Results 1 to 14 of 14

Thread: Unknown Files

  1. #1
    Star Lounger
    Join Date
    May 2013
    Posts
    59
    Thanks
    34
    Thanked 6 Times in 6 Posts

    Unknown Files

    Hi,

    I have a spreadsheet that will need to utilize files at any given time from a folder. The folder has .pdf, .txt, and various image files. In addition, it has files with no extension similar to below:

    4bd6e3cf-b02f-462c-9e52-53d7228ca9ac

    There are over 1,000 of the above files (no extension) and 2,663 files total. My forensic skills have found that they are a mix of formats that I aforementioned. Does anyone know of a VBA method to determine the file type other than the obvious? Once determined, I would also need a way to change the file names with the correct extension.

    Thanks in advance,
    Alexandra

  2. #2
    Gold Lounger Maudibe's Avatar
    Join Date
    Aug 2010
    Location
    Pa, USA
    Posts
    2,631
    Thanks
    115
    Thanked 645 Times in 589 Posts
    Alexandra,

    This was a real challenge but it can be done.
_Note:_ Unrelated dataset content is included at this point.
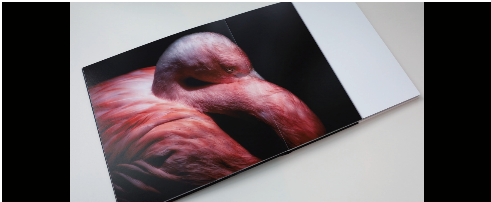
PhotoJewel S 30cmスクエア/レイフラット/ラスター/40P

PhotoJewel Sは、高品質で高級感のある仕上がりの写真集が作れるフォトブックサービスです。 こだわりの製本・用紙と豊富なサイズから選べ、背景変更や文字挿入はもちろん、高度な編集機能で自在にカスタマイズできます。 これまで撮りためた野鳥写真を、こだわりの写真集に仕上げてみませんか。 パソコンやタブレット、スマートフォンにアプリケーションをダウンロードすれば、気軽に始められます。

Borrowing some snippets, the following code was pieced together and modified to achieve your task. I took some copies of PDFs and renamed them with no extension to simulate what you are describing. Bare with me because it is a bit wordy and there are quite a few steps to take.

    1. Go to the folder in Windows Explorer where the files are. At the top, click on Type to sort the files by their type. Scroll down to the first file with no extension and click on it to highlight it. Go to the last file with no extension, hold down the shift key, then click on the last file with no extension. All the files with no extension should now be highlighted.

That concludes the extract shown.